_Problem details:_ Copy each line below as it stands, but skip any picture it contains.

_Dataset extract:_
::::::::

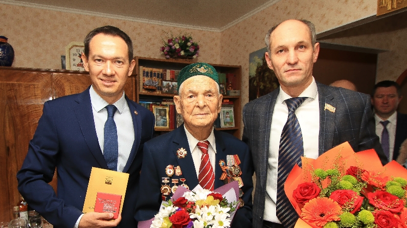 Глава Района Тимур Нагуманов вручил памятную медаль 100-летия ТАССР и пожелал еще долгих лет жизни.
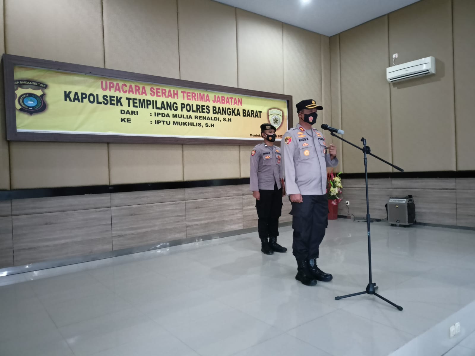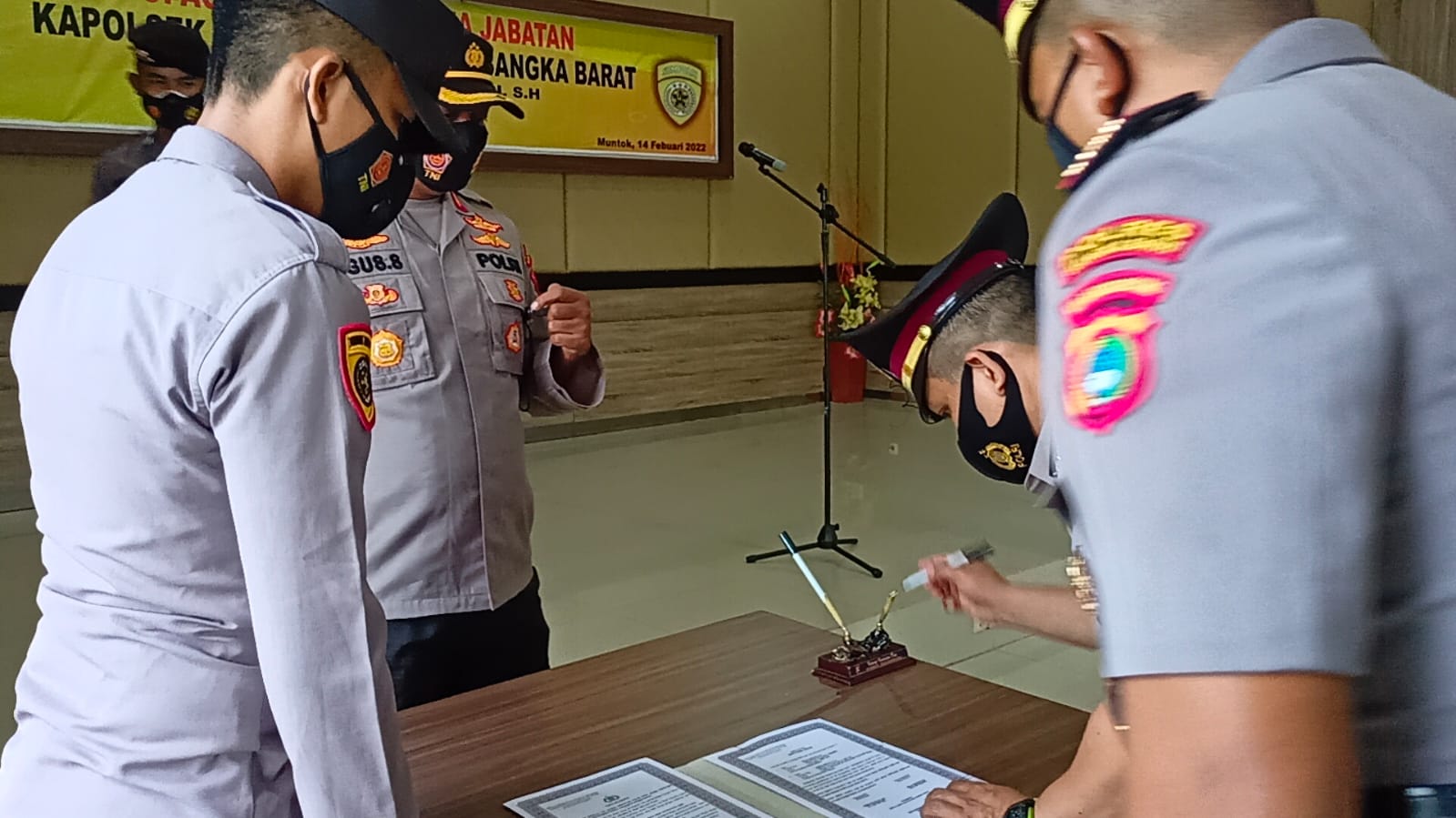 Serah Terima Jabatan (Sertijab) Kapolsek Tempulang. yang digelar di Gedung Catur Prasetya Mako Polres Bangka Barat, Senin (14/02/2022).
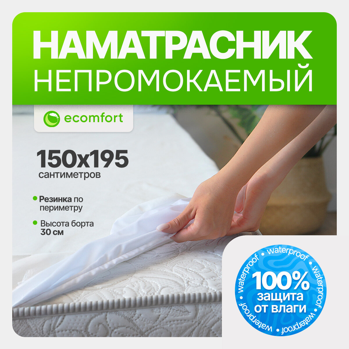 10 цен на Наматрасник 150х195 непромокаемый на резинке хлопковый белый мягкий

::::::::

_Exercise result:_
 Глава Района Тимур Нагуманов вручил памятную медаль 100-летия ТАССР и пожелал еще долгих лет жизни.
 Serah Terima Jabatan (Sertijab) Kapolsek Tempulang. yang digelar di Gedung Catur Prasetya Mako Polres Bangka Barat, Senin (14/02/2022).
 10 цен на Наматрасник 150х195 непромокаемый на резинке хлопковый белый мягкий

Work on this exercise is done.